It is the godfather who sits down with top management and discusses the young people. The meeting may be completely “informal.” Over the sake cup, the godfather may say quietly, “Nakamura is a good boy and is ready for a challenging assignment,” or “Nakamura is a good chemist, but I don’t think he’ll ever know how to manage people,” or “Nakamura means well and is reliable, but he is no genius and better not be put on anything but routine work.” And when the time comes to make a personnel decision, whom to give what assignment, and where to move a man, the personnel people will quietly consult the godfather before they make a move.

An outsider’s glimpse

A few years ago I found myself, by sheer accident, a “temporary godfather.” My experience may illustrate how the system works:

One of my ablest students in 20 years at New York University’s Graduate Business School was a young Japanese. Let me call him Okura. The son of a diplomat, he went to Oxford for his undergraduate work and then took the Japanese Foreign Service Examination, which he passed with honors. But then he decided to go into business instead, came to our school in New York, and went to work for one of Japan’s big international companies.

A few years ago, while I was in Japan, he came to see me. I said, “Okura, how are things going?” He said, “Fine, but I think I may need some help. This is why I have come to see you.”

I shall mention just the highlights of the story he told me. “Not having gone to school in Japan, I do not really have anyone in my company who feels responsible for me,” he said. “All our management people have gone to school in Japan. As a result, there is no one in upper management who can tell the personnel people that I am ready for a managerial job in one of our branches abroad. I know they considered me when they filled the last two vacancies in South America, but no one knew whether I wanted to go there, whether I was ready, and what my plans were. I know that you are going to have lunch with our executive vice president in a day or two, and, having been my professor, you can speak for me.”

I asked, “Okura, won’t your executive vice president be offended if an outsider interferes?” He said, “Oh, no. On the contrary; he’ll be grateful, I assure you.”

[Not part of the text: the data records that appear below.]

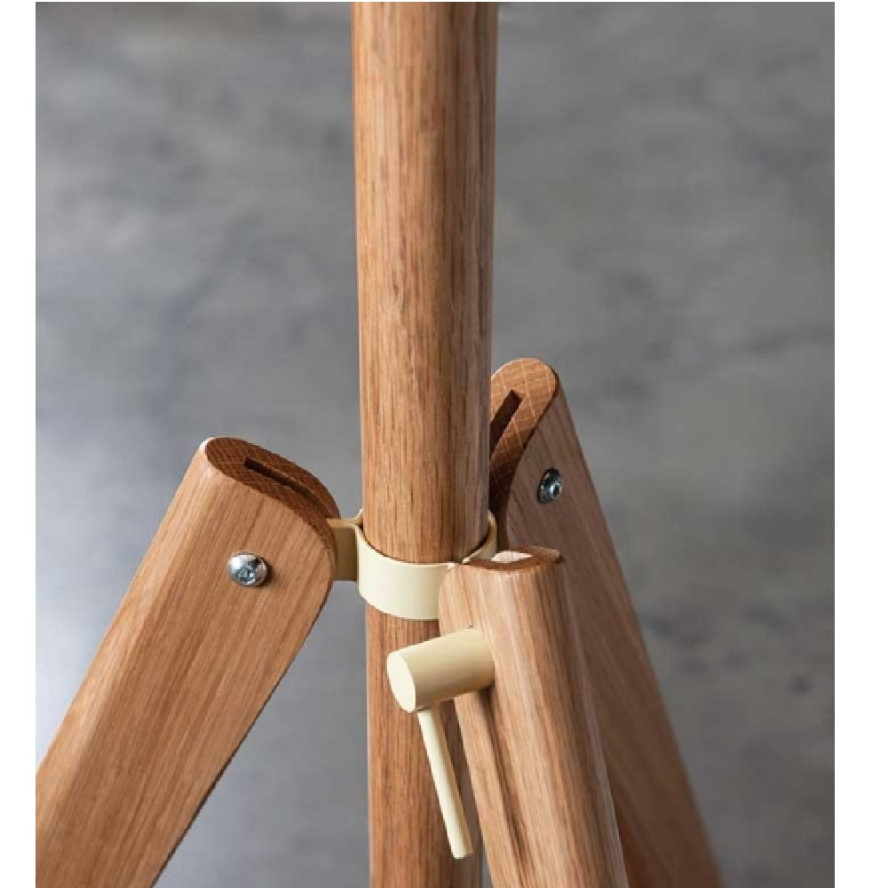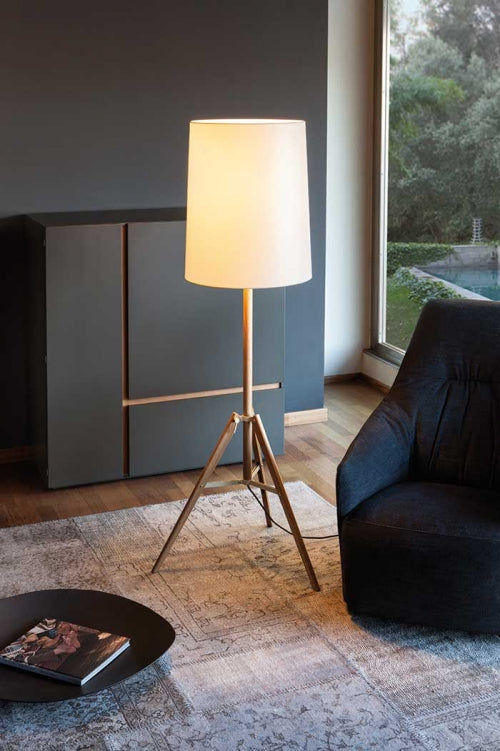 The Tripod Floor Lamp is made from oak with a satin varnish and support a beige fabric shade. The Tripod floor lamp creates beauty from simple geometry with its bold base and clean design. Available in two different sizes.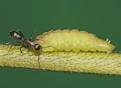 "Of the usual Lycaenid shape .... the head small, black, shining, retractile. Colour of body pale green with darker green or reddish dorsal and subdorsal lines, the latter coalesced into a broad band between the eleventh and last segments. The entire surface of the body covered with minute white tubercles, there are also a few scattered white hairs. The segmental constrictions shallow. Spiracles black. Extensile organs on the twelfth segment small. The larva is broader than high in its higher part, increasing in width to fourth segment, from thence to the flattened anal segment of about uniform width. Bred by me in Calcutta on Phaseolus trilobus. Mr. W. O. Taylor reports that the larva feeds in Orissa on Dolichos catjang, Roxb. Dr. A. Forel identifies the ant in Calcutta as Camponotus rubripes subspecies compressus" (de Niceville.)[3]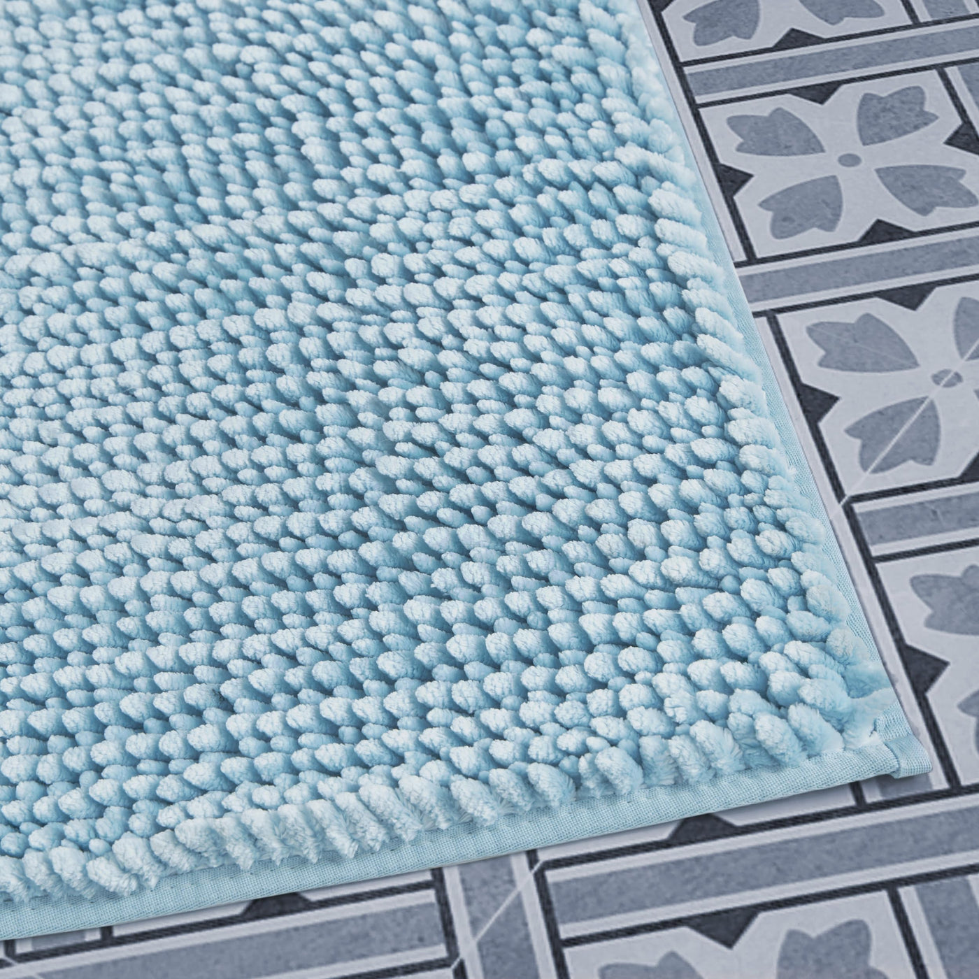 • Q: Is the material of the bath rugs absorbent? A: Yes, the Butter Chenille material is ultra-absorbent, designed to quickly soak up water and keep your floors dry.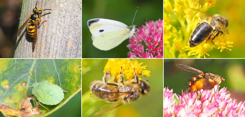 Wespe raspelt morsches Holz für den Nestbau, Kohlweißling, Wildbiene - Grüne Wanze, Wildbiene, Raupenfliege. Fotos AGON/Habedank, im September 2025 |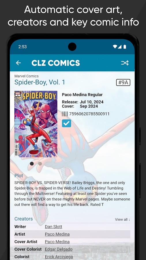 Легко каталогизируйте свою коллекцию комиксов. Чтобы добавить комиксы в приложение, просто отсканируйте обложку камерой вашего устройства. Приложение распознает комикс и автоматически предоставит подробную информацию о выпуске, обложку, список авторов и многое другое.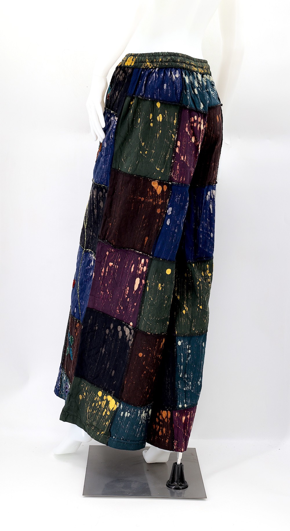 Every clothing item is meticulously handmade, reflecting the care and consideration put into their creation, resulting in unmatched quality. Because our products are handmade, the patchwork colors and patterns on each pair of trousers may vary, making each one unique. The provided image serves as a general representation of the product's appearance.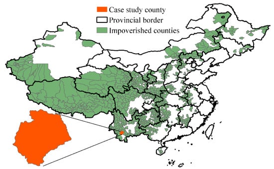 Since the foundation of the People’s Republic of China, poverty alleviation has been an important issue, as China was one of the poorest countries in the world due to destruction from long periods of war. From 1949 to 1986, poverty alleviation programs mainly worked through government relief and structural reform, i.e., the distribution of agricultural land to each household [25,26]. In 1986, a new institutionalized system—the Leading Group Offices of Poverty Alleviation and Development (LGOP) or fupinban—was created at central, provincial, prefectural, and county government levels to oversee poverty issues. Poverty alleviation policies were shifted from an assistance-oriented to a development-oriented approach [27]. Under the theory of development-oriented poverty alleviation, a new strategy called “Targeted Poverty Alleviation” was introduced in 2013 to accurately identify poor individuals and households, create anti-poverty measures, manage resources, and evaluate impact [25]. Some detailed anti-poverty measurements are demonstrated by previous studies. For example, land consolidation has supported rural development by increasing cultivated land area, improving rural production conditions, and alleviating ecological risks [22]; resettlement is used as a tool for poverty alleviation in China, especially for those who live in dispersed and remote villages [28]; health projects (medical insurance/aid/subsidy) have reduced patient payments and decreased the likelihood of trapping in poverty [29]. A case study of Fuping County in China has also provided practice details of “Targeted Poverty Alleviation” [25]. China had tremendous success in poverty alleviation by reducing the population in extreme poverty from 165.7 million in 2010 down to 5.5 million in 2019, contributing to about 35% of the world’s poor population reduction in these years [30,31]. However, impoverished counties still persist and are unequally distributed: most are in western China, while some are in central China due to the “island-effect” [32]. Similar to islands in oceans, these impoverished counties are isolated in mountainous areas. Moreover, systemic frameworks that holistically aggregate all aspects and help tackle poverty implementation are lacking.

He was right. When I mentioned Okura’s name to the executive vice president, his face lit up and he said, “You know, I was going to ask you to do us a favor and talk to Okura-san about his plans. We think he is ready for a big management assignment abroad, but we have no way of talking to him; none of us went to the same university he went to.”

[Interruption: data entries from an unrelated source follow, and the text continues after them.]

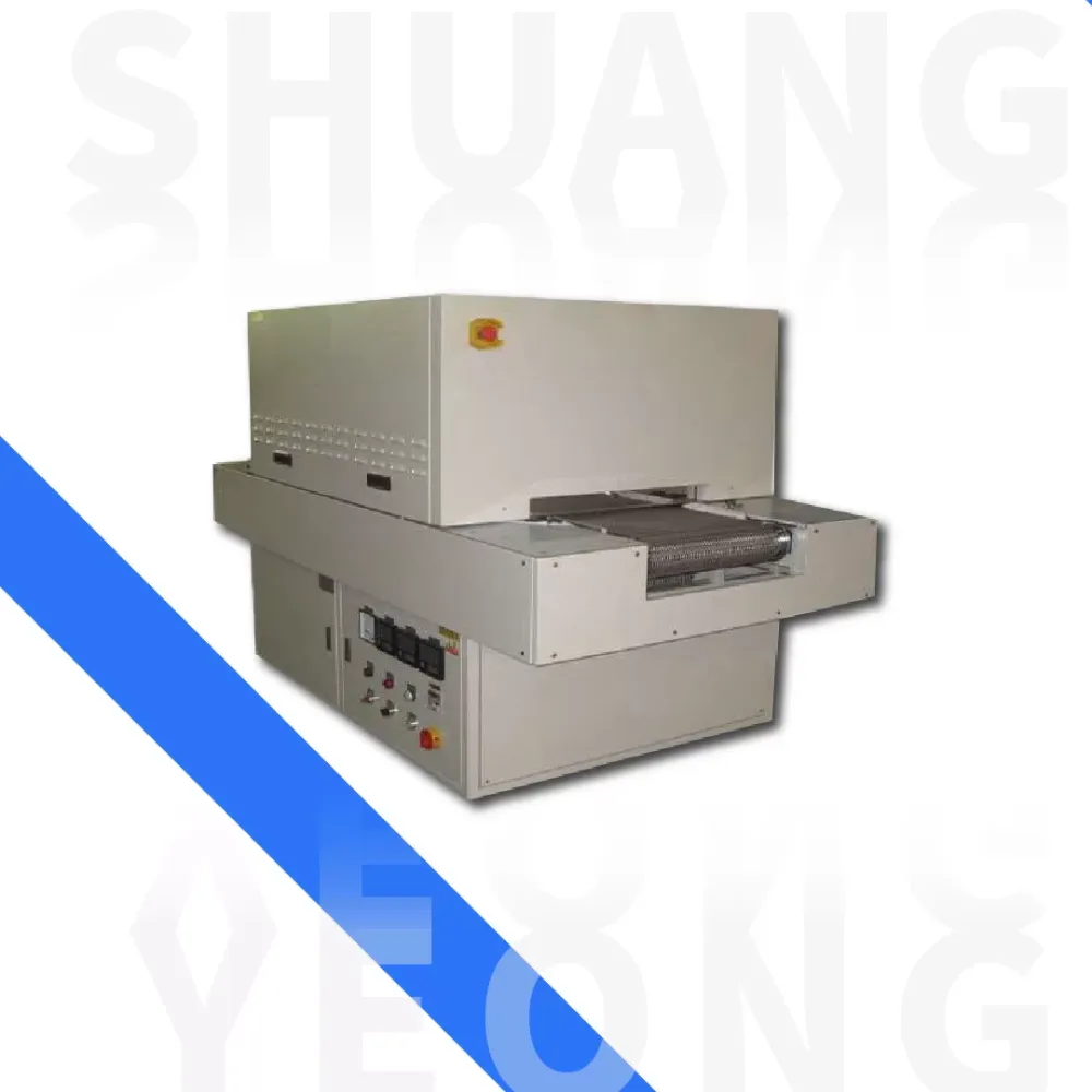 (1) 功能 : 可選擇不銹鋼輸送網或鐵氟龍輸送網,網帶寬度有14″, 18″,25,36″等多種尺寸可供選擇,變頻器調整輸送速度,可設定分區多段控制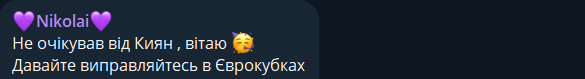 Nikolai: Не ожидал от киевлян, поздравляю. Давайте исправляйтесь в Еврокубках.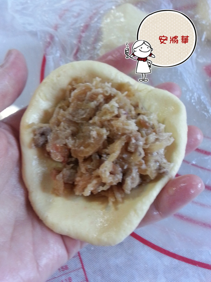 蒸好打開取出放涼即有軟Q的金黃菜包喔!

Three months later Okura was posted to head the company’s branch office in a fairly important country in Latin America!

Implications for the West?

In the West, though relationships are far less formal, we still need, just as much as the Japanese do, the senior manager who serves as a human contact, a listener, a guide for the young people during their first ten years or so in business. Perhaps the greatest single complaint of young people in the large organization today is that there is nobody who listens to them, nobody who tries to find out who they are and what they are doing, nobody who acts as a senior counselor.

Our management books say that the first-line supervisor can fill this role. That is simply nonsense. The first-line supervisor has to get the work out; all the sermons that “his first job is human relations” will not make it otherwise. A supervisor tries to hang on to a good man and not let him go. He will not say, “You have learned all there is to learn in this place.” He will not say, “You are doing all right, but you really don’t belong here.” He will not ask a young man, “Where do you want to go? What kind of work do you want to do? How can I help you to get there?” In fact, the supervisor is almost bound to consider any hint of a desire to change or to transfer on the part of a young and able subordinate a direct criticism of himself.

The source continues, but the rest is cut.